### Available data
___

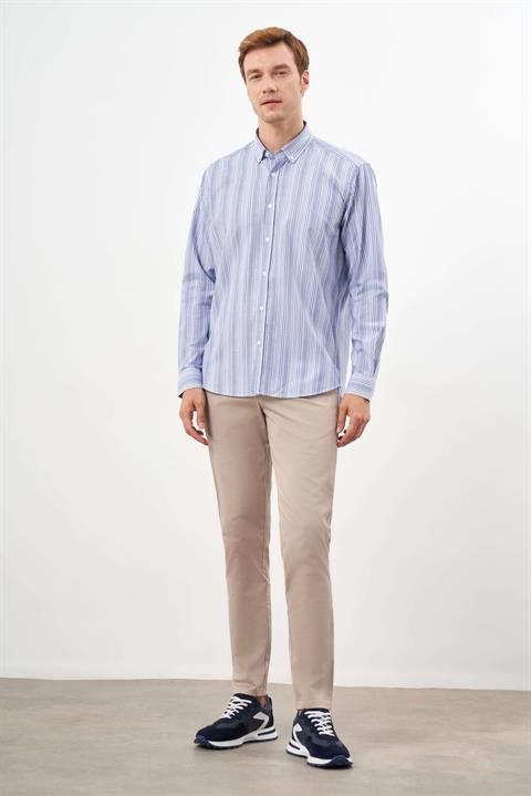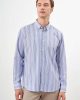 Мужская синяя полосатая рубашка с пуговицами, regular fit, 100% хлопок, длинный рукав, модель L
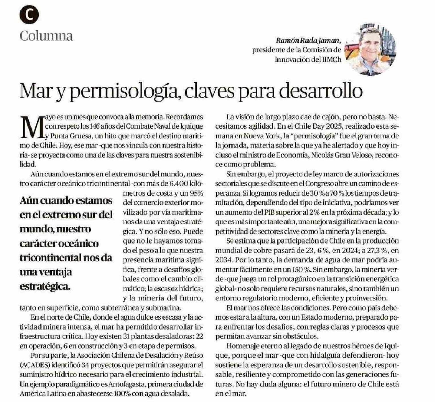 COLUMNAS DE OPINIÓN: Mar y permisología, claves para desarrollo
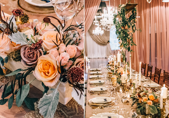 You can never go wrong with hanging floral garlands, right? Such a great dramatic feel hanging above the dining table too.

___

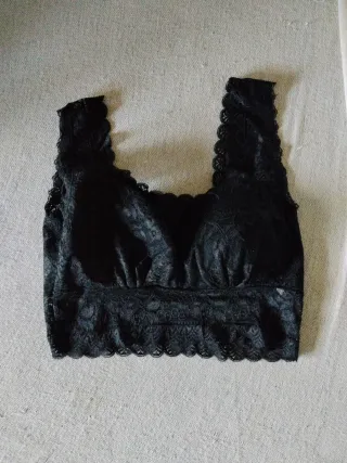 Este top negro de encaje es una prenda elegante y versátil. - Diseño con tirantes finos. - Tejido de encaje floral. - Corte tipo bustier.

___

### Problem
Using the records above, print exactly the run of lines that starts with the line with "Мужская синяя полосатая" and goes on through the line with "You can never", pictures excluded.

### Solution for this exercise
 Мужская синяя полосатая рубашка с пуговицами, regular fit, 100% хлопок, длинный рукав, модель L
 COLUMNAS DE OPINIÓN: Mar y permisología, claves para desarrollo
 You can never go wrong with hanging floral garlands, right? Such a great dramatic feel hanging above the dining table too.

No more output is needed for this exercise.